- **YOUR TASK**
Word for word, copy the lines from the one with "Автомир, СТО по" to the last line of the data below, counting both, and keep every picture out.

- **SUPPLIED MATERIAL**

★ ★ ★ ★ ★ ★ ★

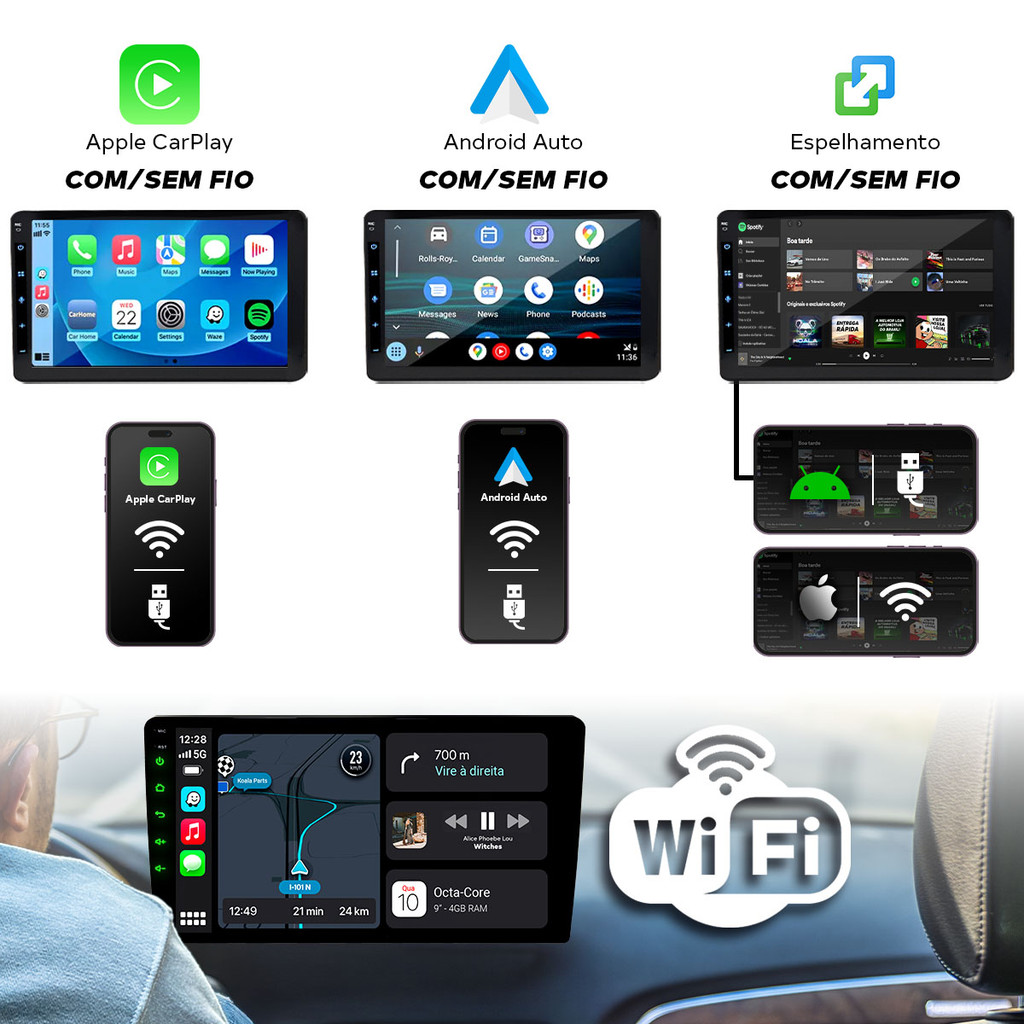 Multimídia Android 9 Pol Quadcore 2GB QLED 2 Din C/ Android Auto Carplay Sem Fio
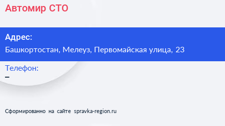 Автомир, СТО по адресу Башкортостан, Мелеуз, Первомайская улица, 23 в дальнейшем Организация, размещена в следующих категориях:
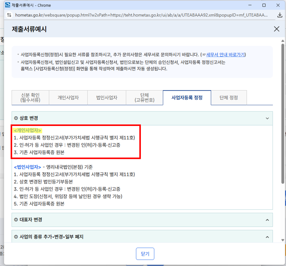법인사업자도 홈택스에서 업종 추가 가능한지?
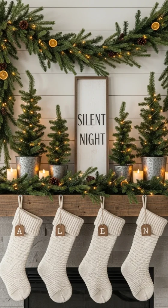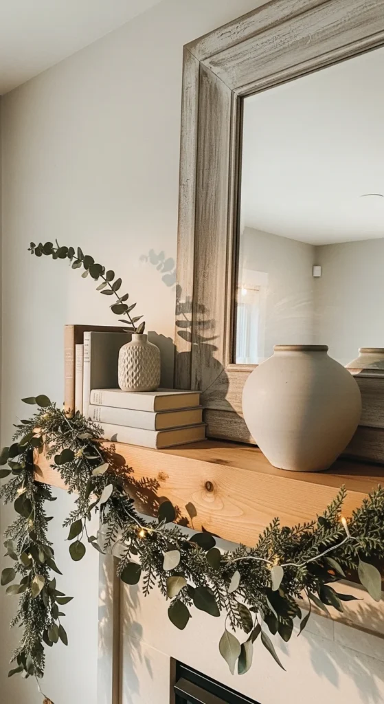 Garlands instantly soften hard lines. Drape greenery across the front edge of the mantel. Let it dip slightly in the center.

★ ★ ★ ★ ★ ★ ★

- **TASK SOLUTION**
 Автомир, СТО по адресу Башкортостан, Мелеуз, Первомайская улица, 23 в дальнейшем Организация, размещена в следующих категориях:
법인사업자도 홈택스에서 업종 추가 가능한지?
 Garlands instantly soften hard lines. Drape greenery across the front edge of the mantel. Let it dip slightly in the center.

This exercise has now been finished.